Instead of the rectangular waveform used in the Signal Simulation example, you can use a phase-coded waveform. To do so, replace the phased.RectangularWaveform System object™ with phased.PhaseCodedWaveform.

waveform = phased.PhaseCodedWaveform('Code','Frank','NumChips',4,...
    'ChipWidth',1e-6,'PRF',5e3,'OutputFormat','Pulses',...
    'NumPulses',1);

Then, redefine the pulse width, tau , using the properties of the new waveform.

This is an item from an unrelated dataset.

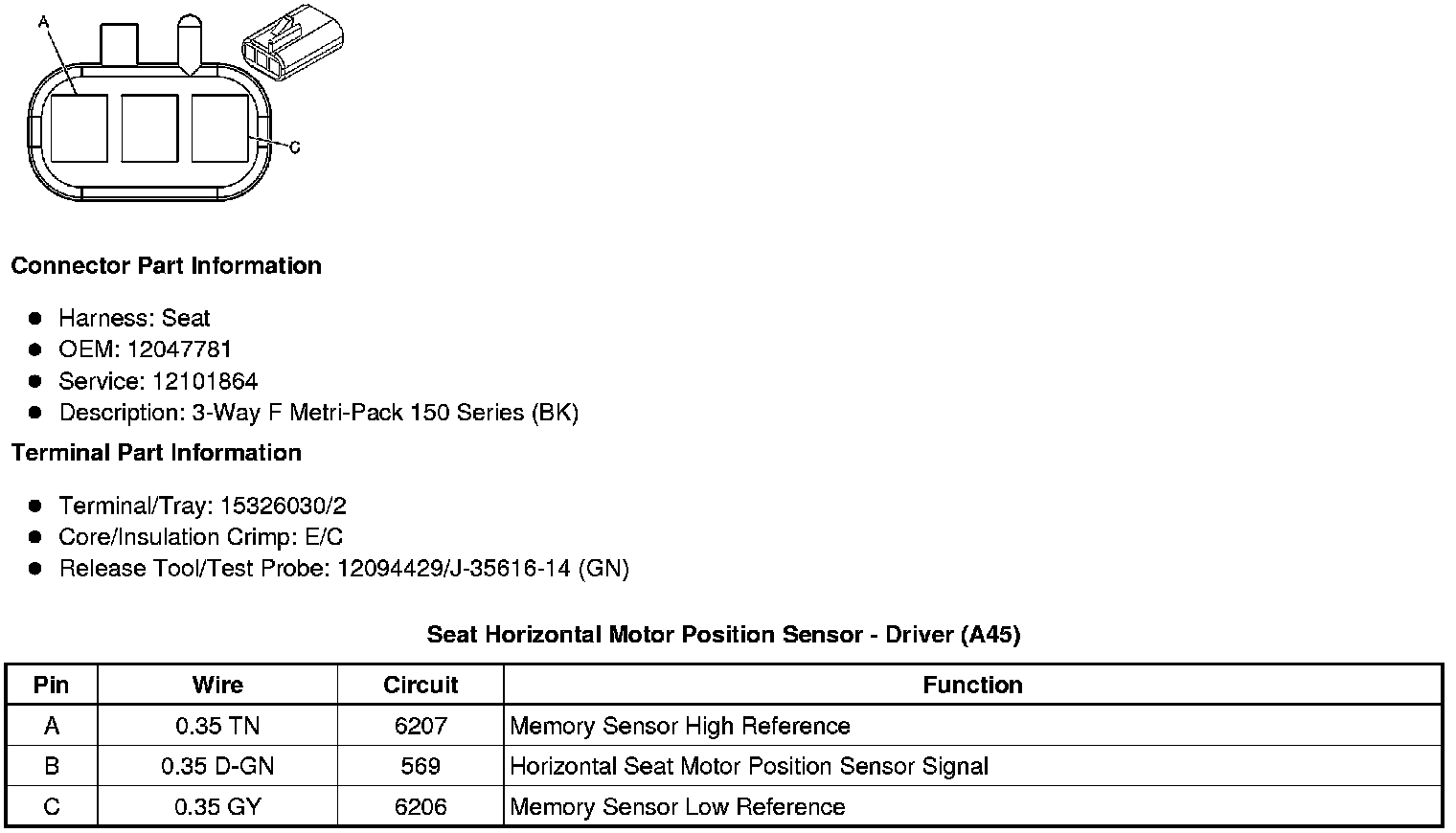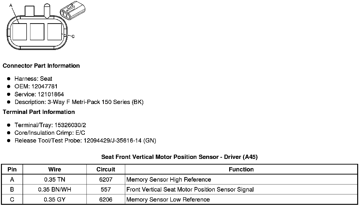 Seat Front Vertical Motor Position Sensor - Driver (A45)

tau = waveform.ChipWidth*waveform.NumChips;

The remainder of the code is almost identical to the code in the original examples and is presented here without comments. For a detailed explanation of how the code works, see the original Signal Simulation example.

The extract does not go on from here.